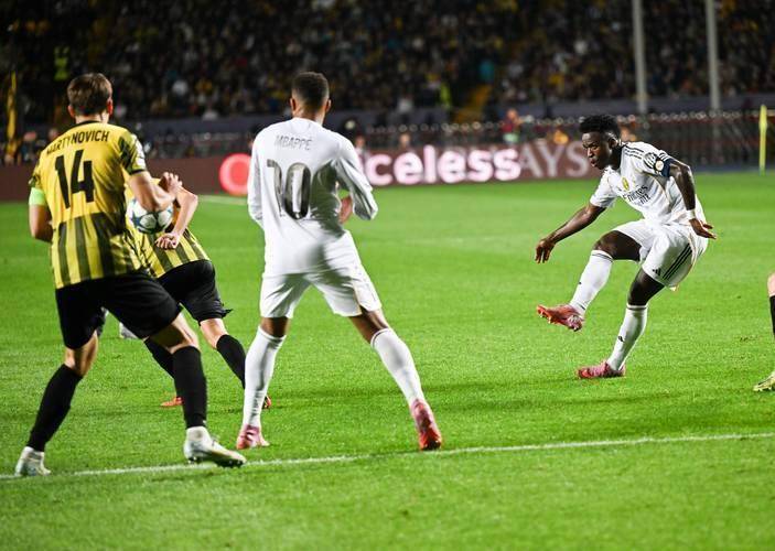 หลังจากควบคุมบอลได้ วินิซิอุสพบว่าตัวเองไม่ได้เผชิญหน้ากับพื้นที่ว่าง แต่กลับถูกกองหลังตัวกลางของฝ่ายตรงข้ามขยับเข้ามาเล็กน้อย เขาไม่ลังเลเลยแม้แต่น้อย ก่อนจะปั่นบอลด้วยเท้าขวา ส่งบอลพุ่งเสียบมุมไกลอย่างแม่นยำ
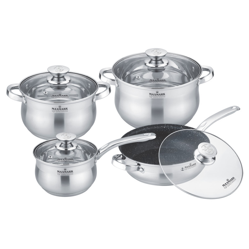 | Розмір | • Ковш з кришкою: 16x10,5 cм;• Каструля з кришкою: 20x12,5 см;• Каструля з кришкою: 22x13,5 cм;• Сковорода з кришкою, з мармуровим антипригарним покриттям: 24x7,5 cм |
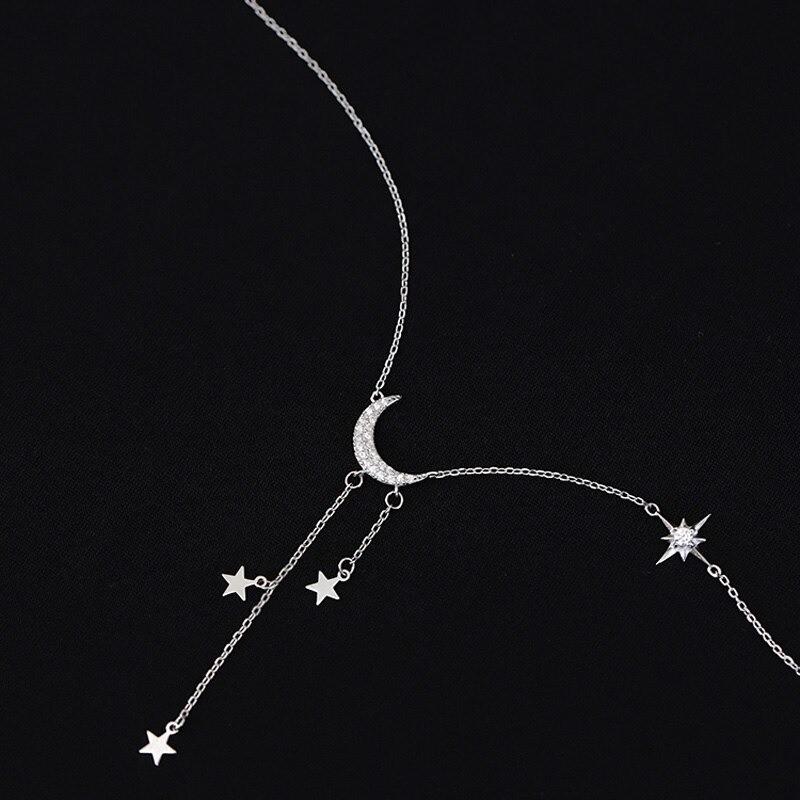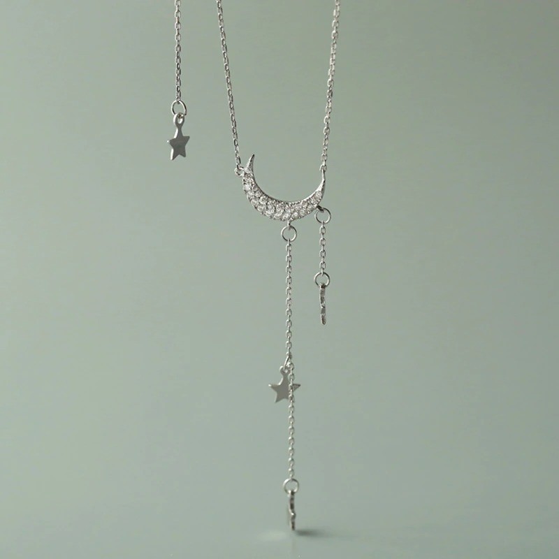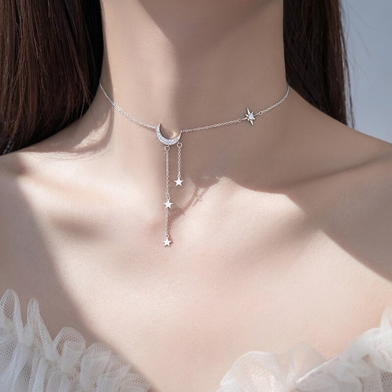 Colar feminino com lua e estrelas
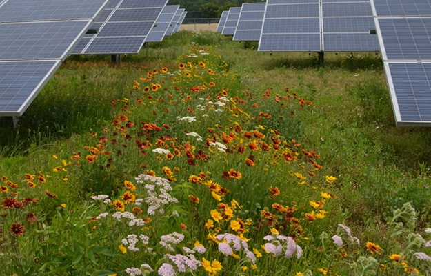 Solar power plants can not only just serve as buffers that reduce other impacts downstream, they can also be ecologically beneficial themselves. Acres of PV panels can be arranged amid native grassland restoration projects that can yield a three-fold increase in pollinators and a two-third increase in carbon sequestration through the landscape. Furthermore, these native grassland projects can increase sediment retention by 95 percent and water retention by 15 percent.
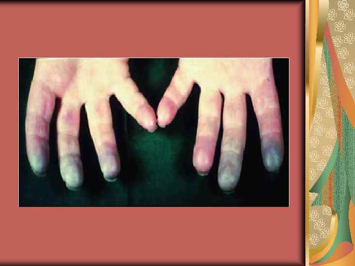 Наиболее характерны вазомоторные нарушения по типу синдрома Рейно в виде вазоспастических кризов, сопровождающихся побелением или цианозом и чувством онемения пальцев рук, реже - ног. Возникают эти расстройства спонтанно или, чаще, при воздействии холода, волнении.
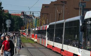 (250921) -- PRAGA, 21 septiembre, 2025 (Xinhua) -- Históricos y contemporáneos tranvías son vistos durante un desfile de tranvías, en Praga, República Checa, el 21 de septiembre de 2025. Un desfile de tranvías se llevó a cabo aquí el domingo como parte de las celebraciones para conmemorar los 150 años del transporte público urbano en la capital checa. (Xinhua/Dana Kesnerova) (oa) (ah)
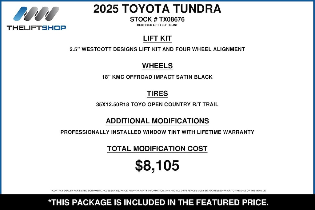 The Lifted Trucks' difference is to provide vehicles that have been enhanced to maintain the highest quality. This may include pre installed products including but not limited to hospital-grade sanitation applications, paint and fabric protection, and theft deterrent solutions. All pre-installed products and their extended benefit plans should be considered optional.

-=-=-

» **Task directions**: Provide the listing above once more, exactly, with the pictures removed.

» **Result of the task**:
 หลังจากควบคุมบอลได้ วินิซิอุสพบว่าตัวเองไม่ได้เผชิญหน้ากับพื้นที่ว่าง แต่กลับถูกกองหลังตัวกลางของฝ่ายตรงข้ามขยับเข้ามาเล็กน้อย เขาไม่ลังเลเลยแม้แต่น้อย ก่อนจะปั่นบอลด้วยเท้าขวา ส่งบอลพุ่งเสียบมุมไกลอย่างแม่นยำ
 | Розмір | • Ковш з кришкою: 16x10,5 cм;• Каструля з кришкою: 20x12,5 см;• Каструля з кришкою: 22x13,5 cм;• Сковорода з кришкою, з мармуровим антипригарним покриттям: 24x7,5 cм |
 Colar feminino com lua e estrelas
 Solar power plants can not only just serve as buffers that reduce other impacts downstream, they can also be ecologically beneficial themselves. Acres of PV panels can be arranged amid native grassland restoration projects that can yield a three-fold increase in pollinators and a two-third increase in carbon sequestration through the landscape. Furthermore, these native grassland projects can increase sediment retention by 95 percent and water retention by 15 percent.
 Наиболее характерны вазомоторные нарушения по типу синдрома Рейно в виде вазоспастических кризов, сопровождающихся побелением или цианозом и чувством онемения пальцев рук, реже - ног. Возникают эти расстройства спонтанно или, чаще, при воздействии холода, волнении.
 (250921) -- PRAGA, 21 septiembre, 2025 (Xinhua) -- Históricos y contemporáneos tranvías son vistos durante un desfile de tranvías, en Praga, República Checa, el 21 de septiembre de 2025. Un desfile de tranvías se llevó a cabo aquí el domingo como parte de las celebraciones para conmemorar los 150 años del transporte público urbano en la capital checa. (Xinhua/Dana Kesnerova) (oa) (ah)
 The Lifted Trucks' difference is to provide vehicles that have been enhanced to maintain the highest quality. This may include pre installed products including but not limited to hospital-grade sanitation applications, paint and fabric protection, and theft deterrent solutions. All pre-installed products and their extended benefit plans should be considered optional.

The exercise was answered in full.